__WHAT NEEDS TO BE DONE__. Could you print the listing again exactly, omitting the pictures?

__SUPPLIED INFORMATION__.
────────────────────

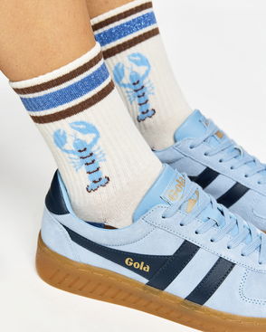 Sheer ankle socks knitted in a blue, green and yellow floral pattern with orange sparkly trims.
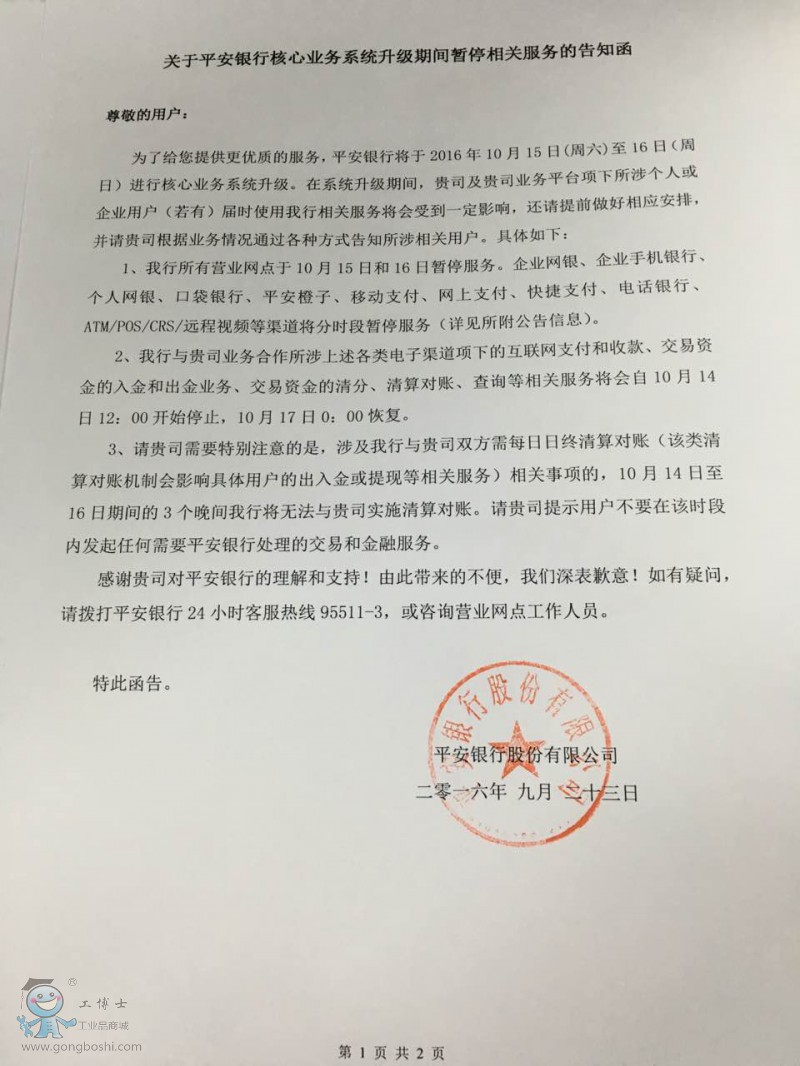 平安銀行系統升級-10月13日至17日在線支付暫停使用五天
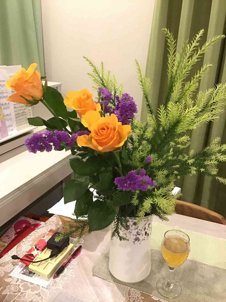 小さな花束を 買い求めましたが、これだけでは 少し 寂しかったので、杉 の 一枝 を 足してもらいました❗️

────────────────────

__ANSWER BELOW__.
 Sheer ankle socks knitted in a blue, green and yellow floral pattern with orange sparkly trims.
 平安銀行系統升級-10月13日至17日在線支付暫停使用五天
 小さな花束を 買い求めましたが、これだけでは 少し 寂しかったので、杉 の 一枝 を 足してもらいました❗️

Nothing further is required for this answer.